- _Task brief_
For the lines from the one with "elements), containment (greater" to the end of the listing below, both ends included, give an exact copy and nothing more. Do not copy pictures.

[[ Given material open ]]

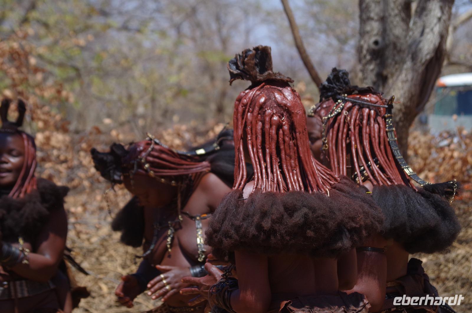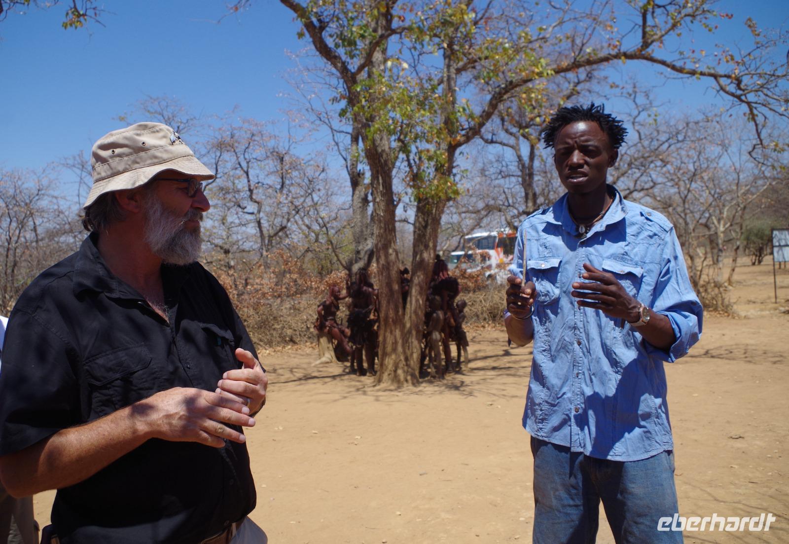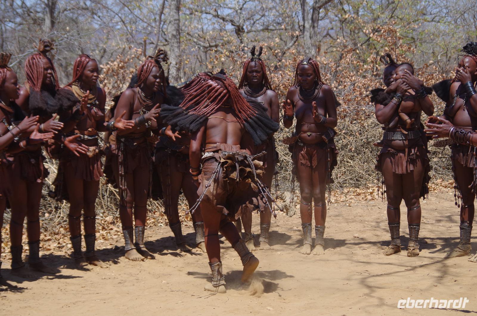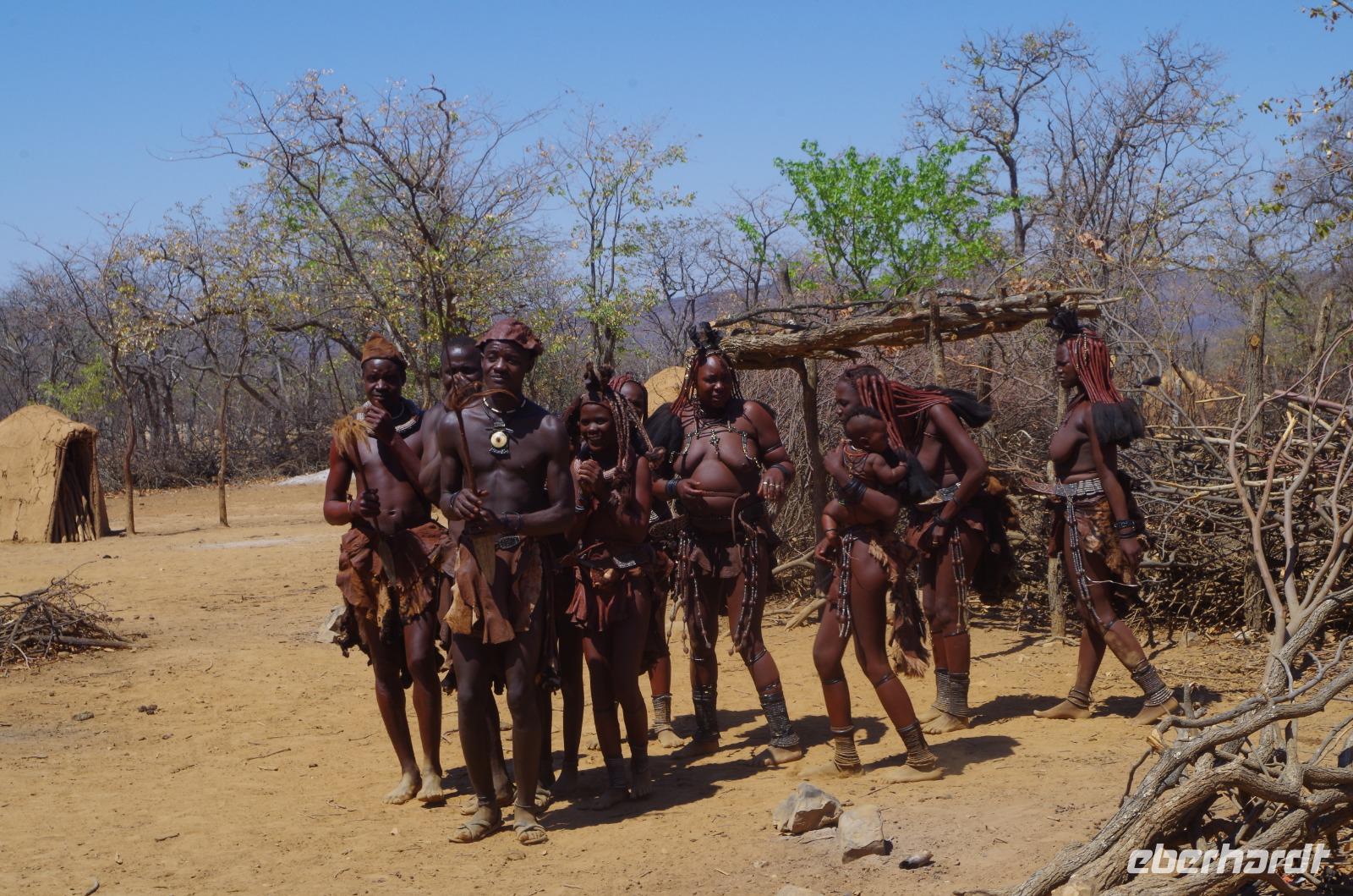 Alle haben gut geschlafen und freuen sich auf einen entspannten Ausflug ins Himabland. In dieser Region leben Himbas, Hereros sowie die aus Angola stammenden Zemba. Himbas und Hereros stammen aus der gleichen Volksgruppe. Bei der Wanderung der Bantuvölker trennten sich dann ihre Wege. Während die Himbas gen Nordwesten wanderten, sind die Hereros weiter nach Süden gegangen. Später sind wir am Dorf der Ovahimba angekommen. Es ist ein richtiges Dorf, aber auch ein sogenanntes lebendes Museum. Neugierig begrüßt man uns - wir sind willkommen! Chief des Dorfes ist Robert, der sich extra europäisch für uns schick gemacht hat. Er begrüßt uns im guten englisch. Sein Vater ist Herero und seine Mutter Himba, deshalb sind sie alle relativ groß gewachsen. Der Dorfälteste und viele Männer sind nicht anwesend, denn sie sind zu Trauerfeierlichkeiten in ein weit entferntes Dorf aufgebrochen oder hüten draußen die Rinder. Moro, Moro, periwi? Naua, okukepa! Das heißt soviel wie: Hallo, wie geht es Dir? Danke, gut. Robert erklärt uns wie die Himbas traditionell leben, so fast ohne die moderne Welt. Für uns fremd und unvorstellbar. Doch das Eis zwischen den Kulturen ist schnell gebrochen. Trotz Sprachdefiziten kommt man sich näher. Kein Wunder! Uns faszinieren sofort die künstlerischen Haartrachten der Frauen. Hübsche Gesichter lächeln uns entgegen. Ja, gutes Aussehen ist auch für die Himba-Frauen wichtig. So erkennt man beispielsweise an den Frisuren das Alter und den Familienstand und am Schmuck der Frauen, besonders an den Füßen, ob man bereits Kinder sie bereits zur Welt gebracht haben. Uns wird alles gezeigt und erklärt und wir dürfen auch fotografieren. Was mir sofort auffällt, sind die glücklichen Gesichter. Eine junge Mutter scherzt mit ihrem Baby - kleine Kinder spielen im Schatten der Lehmhütte und streiten sich natürlich auch mal ein wenig dabei..... Der heilige Kraal steht in der Mitte des Dorfes, kleine Kälber springen herum. Ein Rinderhirt bläst auf einem Kuduhorn eine Melodie. Fast scheint es, als ob er den Kälbchen ein Ständchen bringt. Uns wird erklärt, dass es wichtig ist, die Kälber an diese spezielle Melodie zu gewöhnen, um zurück zu finden, falls sie sich mal verlaufen. Man zeigt uns die Dorfküche und wie Maismehl mit einem Stein zermahlen wird. Das ist Aufgabe der Frauen, doch Robert kann das auch und schneller. Zwischen Kraal und der Chief-Hütte brennt das Heilige Feuer, diese imaginäre Linie darf nicht übertreten werden. Wir werden eingeladen, die Lehmhütte zu betreten und finden alle zusammen Platz. Die Frauen zeigen uns, wie sie sich pflegen, Wasser dürfen sie nicht benutzen. Typisch auch deren die rote Färbung der Haut, die durch das Einreiben mit einem eisenhaltigen Steinmehl und Butterfett (heute Vaseline) entsteht. Die Hauptfrau hat Klein-Himba-Elvis auf dem Schoss, der uns mit leuchtenden Augen anschaut. Annett darf das stählerne Röckchen anziehen, was einem Keuchheitsgürtel aus dem Mittelalter ähnelt. Zum Schluß Singen und Tanzen die Himbas für uns, eine ganz private Veranstaltung, nur für uns. Das scheint ihnen besonders großen Spaß zu machen und uns natürlich auch. Jedes Lied, jeder Tanz hat eine Bedeutung und ist einem besonderen Anlass gewidmet. Manchmal können Männer und Frauen zusammen tanzen und singen, manchmal ist es nur den Frauen vorbehalten. Nach fast 3 h verabschieden wir uns herzlich bei den freundlichen Himbas. Nach jedem Besuch bei den Himbas hoffe ich, dass dieses liebenswerte Urvolk noch lange so, in seinen Traditionen leben kann und ihnen durch die moderne Welt ihre Lebensgrundlage nicht entzogen wird. Danach fahren wir zu unserer schönen Lodge zurück und genießen den weiteren Nachmittag. Zum Abendessen wird heute gegrillt - hier nennt man es Braai. Das Wildfleisch ist saftig und die Bratwürste schmecken himmlich, auch der Sonnenuntergang ist wieder wunderschön! - Tagesetappe: 96 km
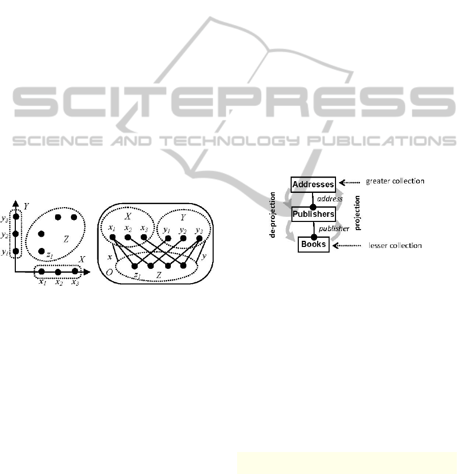elements), containment (greater elements are sets
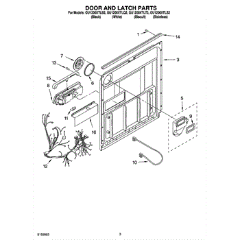 Parts for Whirlpool GU1200XTLS2: 03 - Door And Latch Parts

[[ Given material closed ]]

- _Answer box_
elements), containment (greater elements are sets
 Parts for Whirlpool GU1200XTLS2: 03 - Door And Latch Parts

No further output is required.